Hadn’t actually thought of the rules of professional sports leagues as a market design issue before, but Richard Epstein’s column in Forbes proposing rule changes for soccer suggests the idea.  Epstein suggests a couple of changes, drawing on basketball and hockey for inspiration:

  • First, he says goals scored in the run of play be granted two points, like a basketball shot, while penalty kicks remain worth a single point.
  • Second, yellow card and red card infractions should be penalized with time in a hockey-like penalty box.

With soccer the most popular sport in the world, it isn’t immediately obvious that it is in need of reform.
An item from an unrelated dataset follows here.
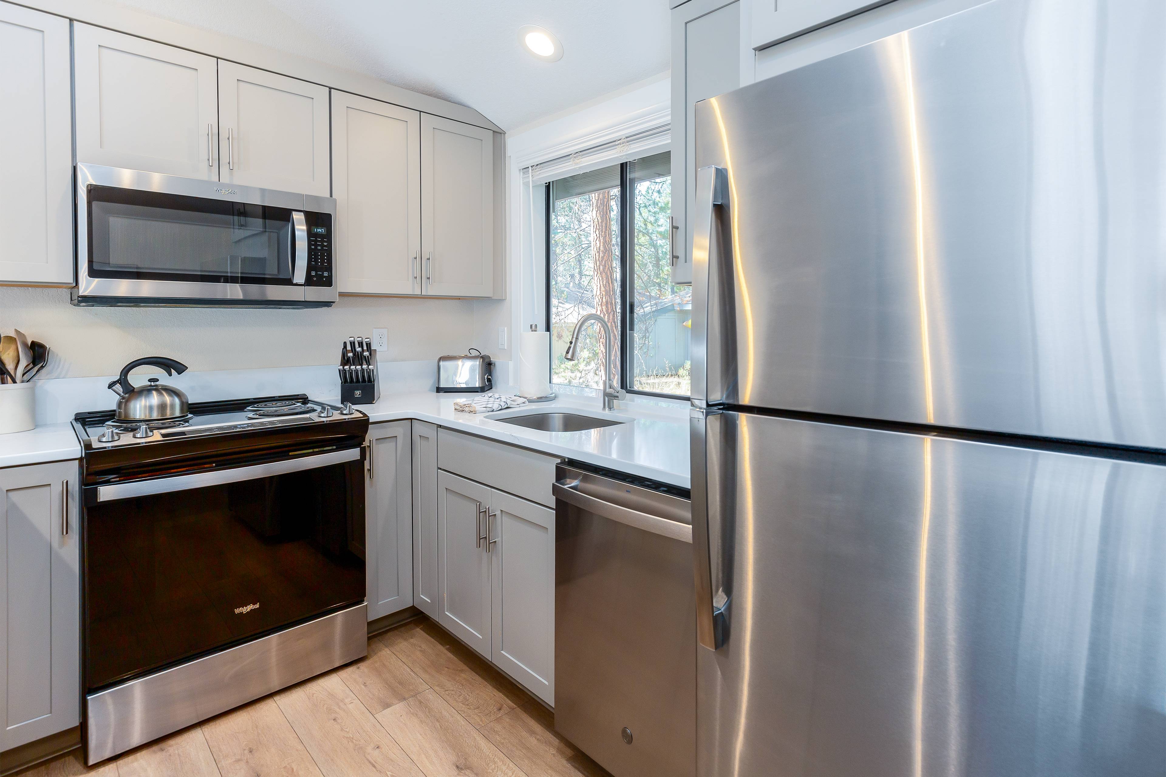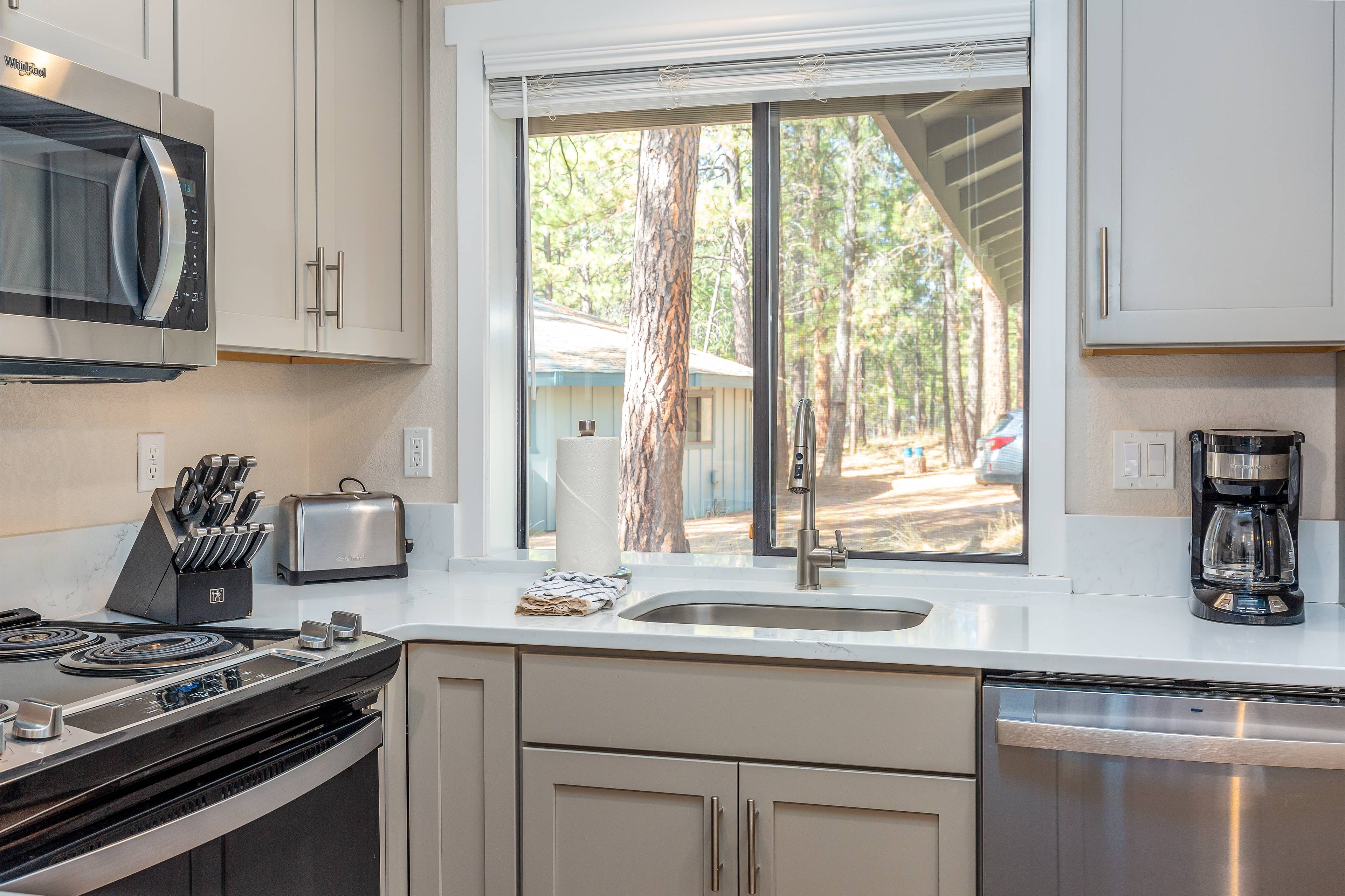 The kitchen has lots of options for pots, pans, cutting board, knives, measuring cups, etc. We did a lot of cooking when we stayed here and didn't need to use any of the utensils or other cooking implements we brought just in case. Thank you for this wonderful home to stay in Sunriver!

Why tamper with all that success?  Yet, Epstein has some good points.  Sometimes a minor foul in the 18-yard box results in a game-winning penalty kick, while a much more serious foul just outside the box leads to a mere free kick.  A red card near the beginning of a match is a much harsher penalty than a red card near the end of the match.

One argument for reform is fairness-based: penalties should be proportionate to the foul committed.  A better line of argument (at least to my way of thinking) comes from market design thinking: what incentives do the rules create, and does the resulting behavior add to or detract from the game?  Consider a striker heading to goal and making slight contact with a defender in the 18-yard box: does the striker take a dive in hopes of gaining the all-but-certain penalty kick goal or shake it off and take a shot in the run of play?  Epstein’s rule change would offer an incentive to the striker to choose athleticism over a theatrical dive, surely an improvement.

Epstein’s proposals may not be the best, but they are worth exploring.  I join him in calling for experiments on the topic!  Let’s see if the rule changes would bring about desirable changes in performance.